*** Opening of COLLECTED DATA ***
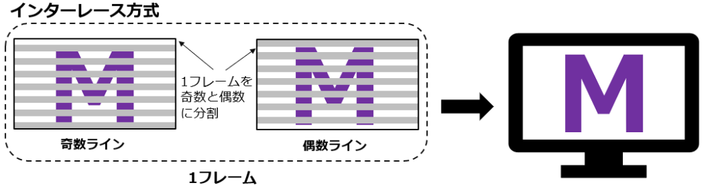 ※デインターレース:インターレース方式の動画をプログレッシブ方式に変換すること
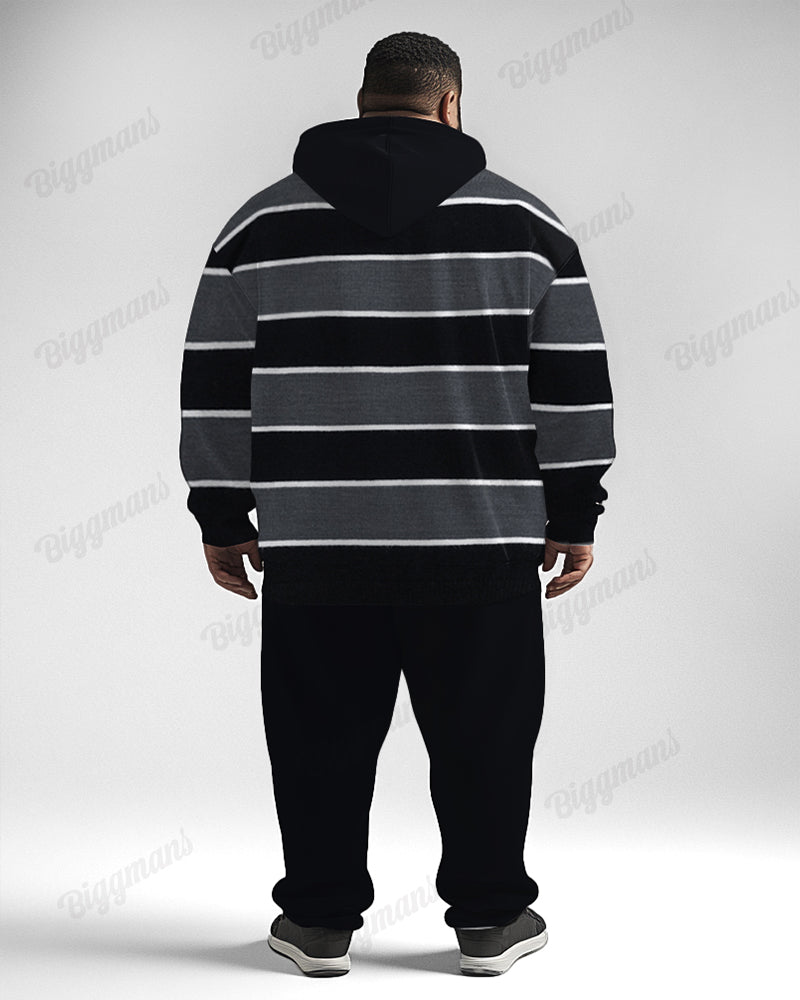 Men's Classic Tricolor Stripe Plus Size Hoodie Suit
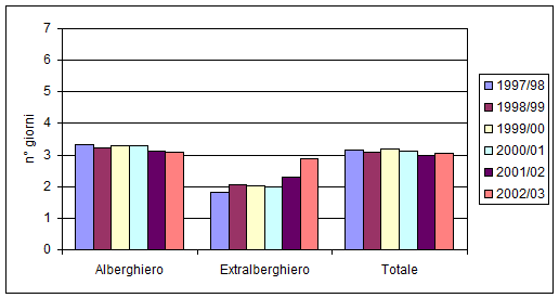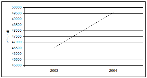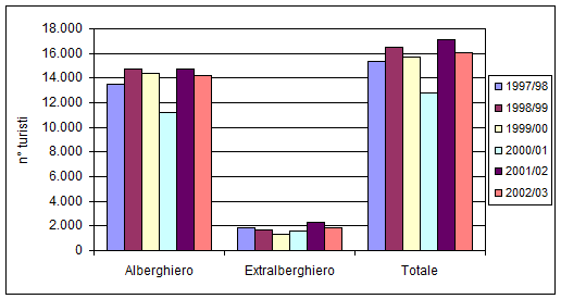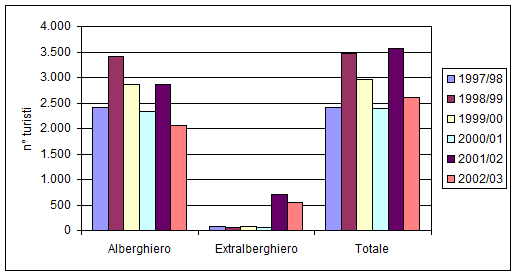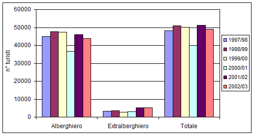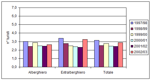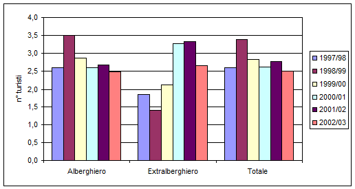 La permanenza media nel complesso rimane costante su tre giorni con una diminuzione nelle strutture alberghiere ed un aumento notevole (1 giorno in più in media) in quelle extralberghiere. Nel 2002 l'alberghiero, rappresentando circa l'89% degli arrivi e delle presenze, è alla base della diminuzione generale (-3,47% arrivi, -4,57% presenze) mentre per l'extralberghiero la variazione sul 2001 è molto negativa per gli arrivi (-21,86%) e meno negativa per le presenze (-2,51%). Nel 2003 i dati a nostra disposizione non ci permettono di fare un raffronto corretto con il 2002 perché viene preso in considerazione il periodo gennaio-giugno. Il flusso turistico alberghiero registra una variazione di -0,54% di arrivi e -2,38% di presenze, si segnano anche variazioni negative per l'extralberghiero, -19,86% di arrivi e -7,54% di presenze. Nel gennaio-marzo 2004 il flusso turistico torna ad avere valori positivi, nelle strutture alberghiere si hanno 19,83% di arrivi e 21,92% di presenze . è soprattutto nelle strutture extralberghiere che si registra l'incremento maggiore del flusso turistico, 81,73% di arrivi e 132,43% di presenze.
*** Close of COLLECTED DATA ***
Could you give back the full listing word for word, leaving out the images?

* **TASK RESPONSE**
 ※デインターレース:インターレース方式の動画をプログレッシブ方式に変換すること
 Men's Classic Tricolor Stripe Plus Size Hoodie Suit
 La permanenza media nel complesso rimane costante su tre giorni con una diminuzione nelle strutture alberghiere ed un aumento notevole (1 giorno in più in media) in quelle extralberghiere. Nel 2002 l'alberghiero, rappresentando circa l'89% degli arrivi e delle presenze, è alla base della diminuzione generale (-3,47% arrivi, -4,57% presenze) mentre per l'extralberghiero la variazione sul 2001 è molto negativa per gli arrivi (-21,86%) e meno negativa per le presenze (-2,51%). Nel 2003 i dati a nostra disposizione non ci permettono di fare un raffronto corretto con il 2002 perché viene preso in considerazione il periodo gennaio-giugno. Il flusso turistico alberghiero registra una variazione di -0,54% di arrivi e -2,38% di presenze, si segnano anche variazioni negative per l'extralberghiero, -19,86% di arrivi e -7,54% di presenze. Nel gennaio-marzo 2004 il flusso turistico torna ad avere valori positivi, nelle strutture alberghiere si hanno 19,83% di arrivi e 21,92% di presenze . è soprattutto nelle strutture extralberghiere che si registra l'incremento maggiore del flusso turistico, 81,73% di arrivi e 132,43% di presenze.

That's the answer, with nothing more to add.